Deuxième électrochoc : 87% des biens et services que produisent ces entreprises sont vendus dans la MRC même ou en Outaouais. Seulement 2% exportent à l’étranger. Il s’agit donc d’un micromarché replié sur lui-même et autosuffisant.

Troisième observation – de loin la plus préoccupante : 34% des propriétaires d’entreprises de ce territoire comptent quitter définitivement les affaires au cours des cinq prochaines années. Plus spécifiquement, plus de la moitié de ceux qui veulent se défaire de leur entreprise la cédera à un étranger plutôt qu’à un membre de leur famille, car 72% des entrepreneurs n’ont pas prévu de succession professionnelle et, pis encore, le quart des gens d’affaires qui veulent prendre leur retraite d’ici cinq ans envisagent de fermer définitivement les portes de leur entreprise.

C’est cette dernière statistique qui fait réagir la directrice générale de la SADC Papineau, Mélissa Bergeron.
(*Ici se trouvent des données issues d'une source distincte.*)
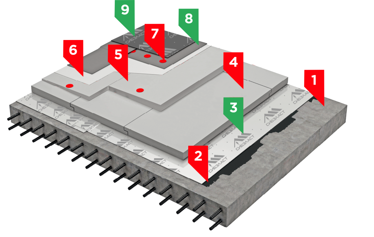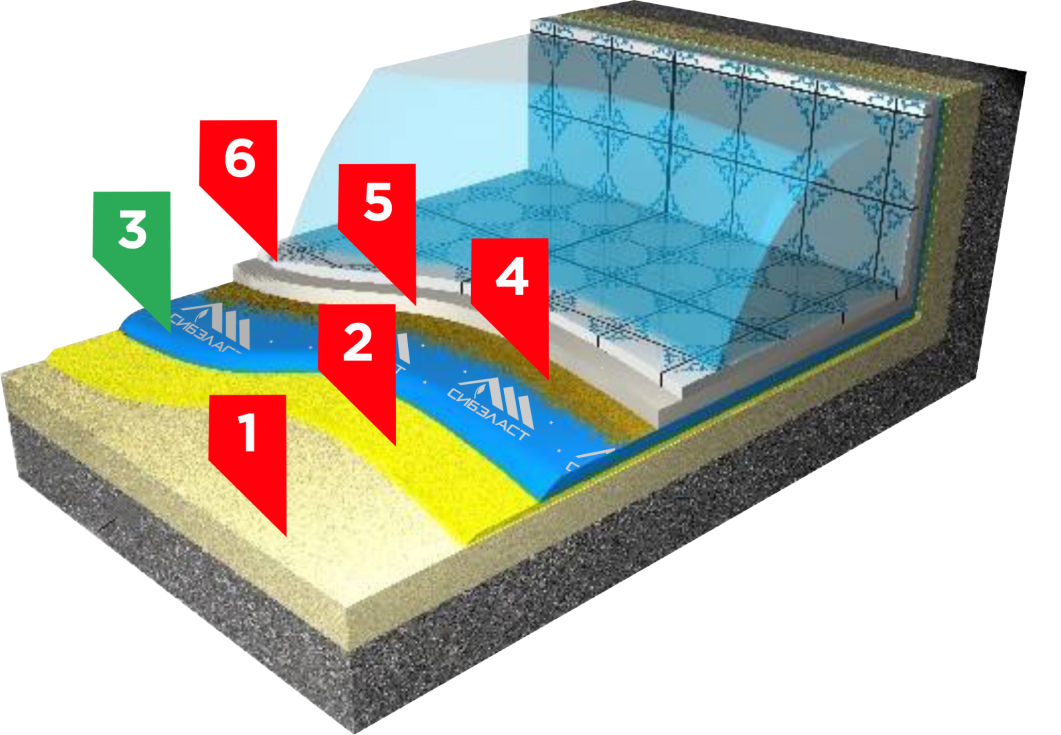 Используют для устройства нижних слоев в гидроизоляции/пароизоляции строительных конструкций (фундаментов, тоннелей, крыш и др.)
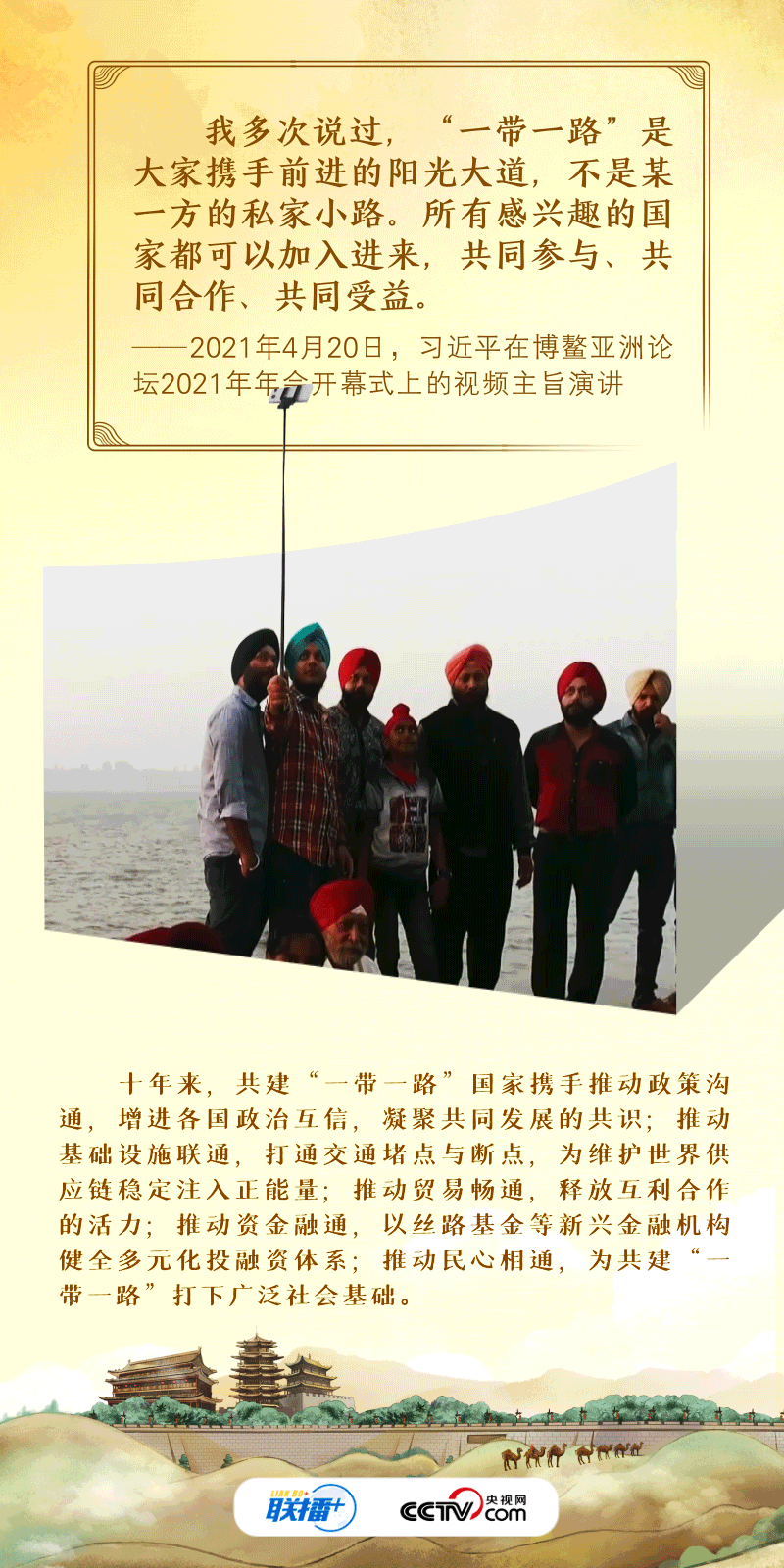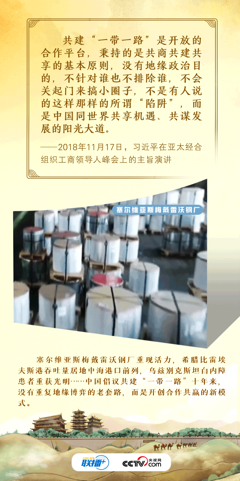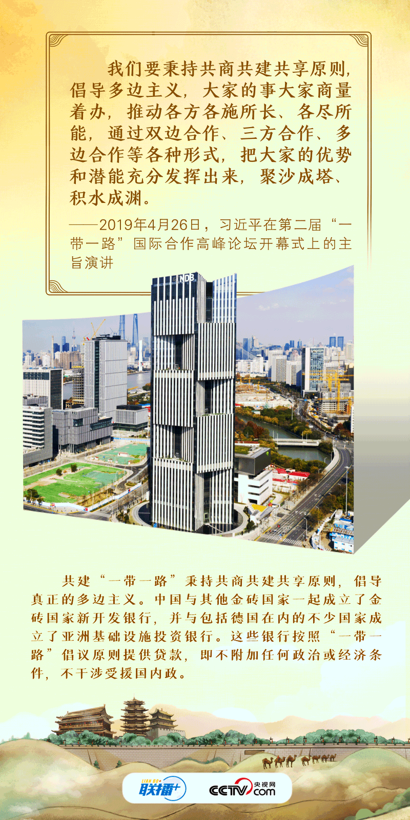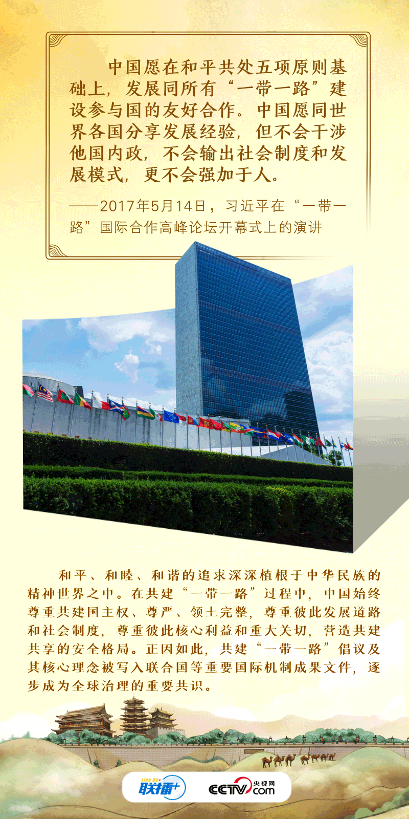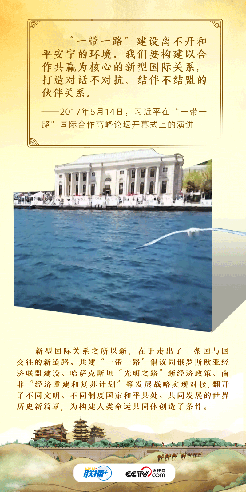 联播+“古丝绸之路绵亘万里、延续千年,积淀了以和平合作、开放包容、互学互鉴、互利共赢为核心的丝路精神。”2017年,习近平主席在首届“一带一路”国际合作高峰论坛开幕式上系统阐述了丝路精神的内涵,倡议将“一带一路”建成和平之路。

« Effectivement, ils ne planifient pas. Les propriétaires sont dans les opérations de leur entreprise, dans le today. Et pour les plans de relève, y en a très peu qui le font. Ils vont avoir ça en tête plus à la dernière minute, les dernières années et s’ils ne voient pas de possibilités, ils vont carrément fermer. Pour nous, c’est une perte d’expertise, ce sont des pertes d’emplois, donc plein d’impacts qu’on veut éviter. »

Tirer du positif d’un effet pervers

Les trois priorités de la SADC pour contrer cette saignée seront, bien sûr, d’interpeller la relève, mais aussi de rendre plus compétitives les entreprises en intégrant les nouvelles technologies dans les pratiques d’affaires et, enfin, de développer le secteur manufacturier, trop timide actuellement en Outaouais rural.

« En même temps, nous on voit ça positivement parce qu’on transfère cette réalité-là en opportunité d’affaires. Si 25% des propriétaires d’entreprises désirent fermer, ces entreprises-là ont un marché, ont un potentiel, Il y a une opportunité de reprendre ces activités-là. Donc, faut les faire connaître autant auprès des jeunes que des investisseurs qui désireraient s’établir sur notre territoire pour reprendre ces entreprises-là qui vont être vendues ou cédées », explique Mélissa Bergeron.

Un « événement-relève » cet automne et une campagne de sensibilisation pour trouver des acquéreurs potentiels d’entreprises sont à l’agenda de la SADC.

De même, de concert avec d’autres SADC régionales qui vivent le même phénomène d’abandon d’entreprises, on déploiera en commun des mécanismes d’attractivité de la relève.